The 5a-reductase inhibitors currently available for the treatment of BPH are finasteride and dutasteride. Finasteride selectively and irreversibly binds with the 5a-reductase isoenzyme type 2, which predominates in the prostate, and thereby blocks conversion of testosterone to DHT, the dominant intraprostatic androgen. This agent lowers serum DHT by about 70% and intraprostatic DHT to an even greater degree. Dutasteride is a dual 5a-reductase inhibitor; it blocks both type 1 and type 2 isoenzymes and lowers serum DHT by about 90%.⁴⁵ Whether this dual blockade offers any clinical advantage is uncertain.

Men who take finasteride at the recommended dose of 5 mg daily or dutasteride at 0.5 mg daily can expect a 20% to 25% reduction in prostate size over the first year of therapy,^45,46 accompanied by about a 50% reduction in PSA level.^45,47 Despite this effect on PSA, these drugs have not been shown to impair the ability to diagnose prostate cancer in controlled trials. However, PSA levels must be interpreted differently. The most common recommendation is simply to double the measured PSA levels for men on finasteride or dutasteride, then interpret the results as usual.
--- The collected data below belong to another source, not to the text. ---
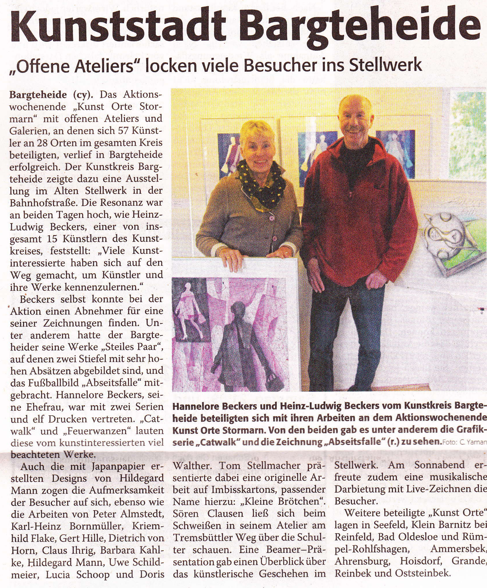Artikel im Zuge "Kunst-Orte-Stormarn", offene Ateliers, von Finn Fischer |
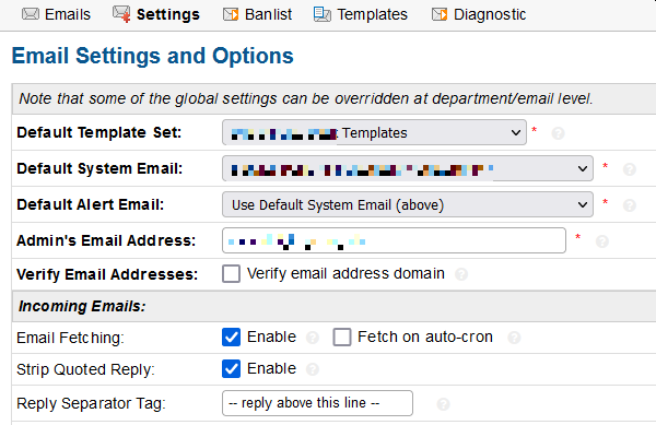 Also worth double checking the Admin -> Emails -> Settings panel. Mine looks as below, although yours will probably differ slightly. Key thing is that there is one method of polling the mailbox enabled:
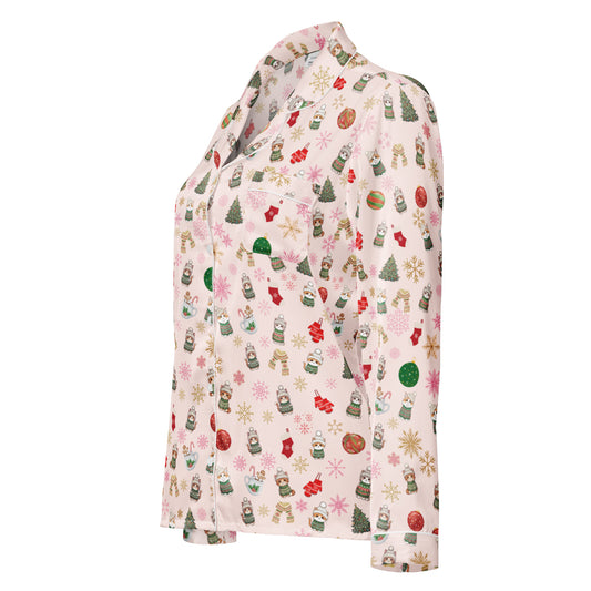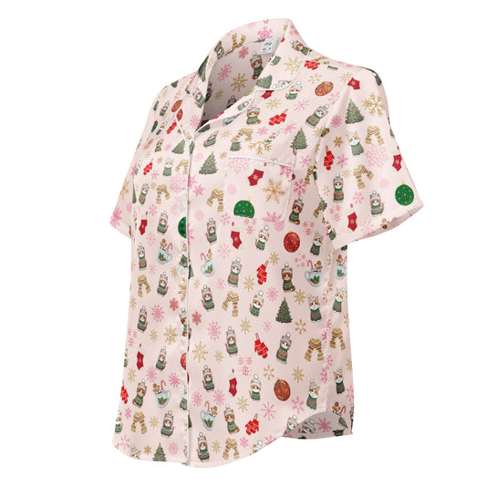 Christmas Cat Silky-Feel Pajama Top, lioness-love
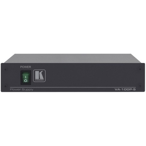 Kramer VA-100P-5 – импульсный источник постоянного напряжения 5 В с 10-ю выходами и суммарной нагрузочной способностью 8 А. Прибор предназначен для использования с приборами Kramer, работающими от индивидуальных сетевых блоков питания.
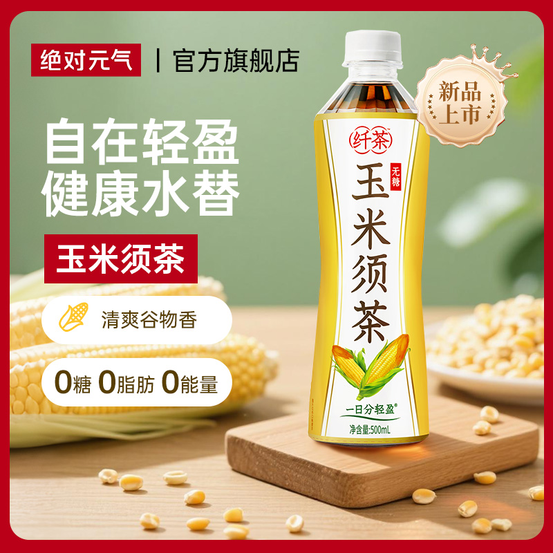 絕對元氣纖茶玉米須茶無糖植物飲料0糖0脂肪0能量500ml/瓶飲料

Like the alpha blockers, finasteride and dutasteride have been shown in a number of clinical trials to produce greater symptom reduction than placebo. However, the symptom reduction has generally been smaller than for the alpha blockers, averaging 2 to 4 points from baseline IPSS scores.^45,48 The efficacy of finasteride, reflected in the group mean difference between finasteride and placebo in these trials, depends on prostate size. For men with prostates less than 40 ml, the differences between finasteride and placebo are minimal, but the differences in IPSS scores between finasteride and placebo increase to 1.0 to 1.5 points for men with prostates greater than 40 ml in trials lasting up to 2 years.⁴⁸ Dutasteride's relative efficacy is also conditioned by prostate size, with about a 1 point improvement over placebo for men with prostates 30 to 40 ml and about 2 points for men with glands larger than 40 ml.⁴⁹

In a longer-term trial, finasteride resulted in about a 3 point decrease in symptom score from baseline over 4 years, roughly 2 points greater than the decrease shown with placebo.⁴⁶ The slow response of symptoms to finasteride was obvious, with nadir scores not reached for at least 2 years. Finasteride also significantly reduced the risk of acute urinary retention (from 6.6% to 2.8%) and of progression to prostatectomy (from 8.3% to 4.2%). In a 2-year trial, the effects of dutasteride on the relative risk of acute urinary retention and on progression to surgery were similar to those of finasteride.⁴⁵ Data from the finasteride trial indicated that about 15 patients would have to take finasteride for 4 years to prevent the development of acute retention or the progression to surgery in one of those patients. This trial also documented that this preventive benefit of finasteride depends on prostate size and, furthermore, that serum PSA level could be used as a proxy for prostate size to estimate the expected benefit.⁵⁰ The estimated number of men who would need to be treated for 4 years to prevent one episode of acute retention or progression to surgery is about 29 for baseline PSA levels less than 1.4 ng/ml, 18 for PSA levels of 1.4 to 3.2 ng/ml, and 9 for PSA levels greater than 3.2 ng/ml.⁵¹

Finasteride also seems effective at reducing the risk of recurrent bleeding in men presenting with BPH-related hematuria.⁵² This effect is probably attributable to finasteride-induced suppression of vascular endothelial growth factors.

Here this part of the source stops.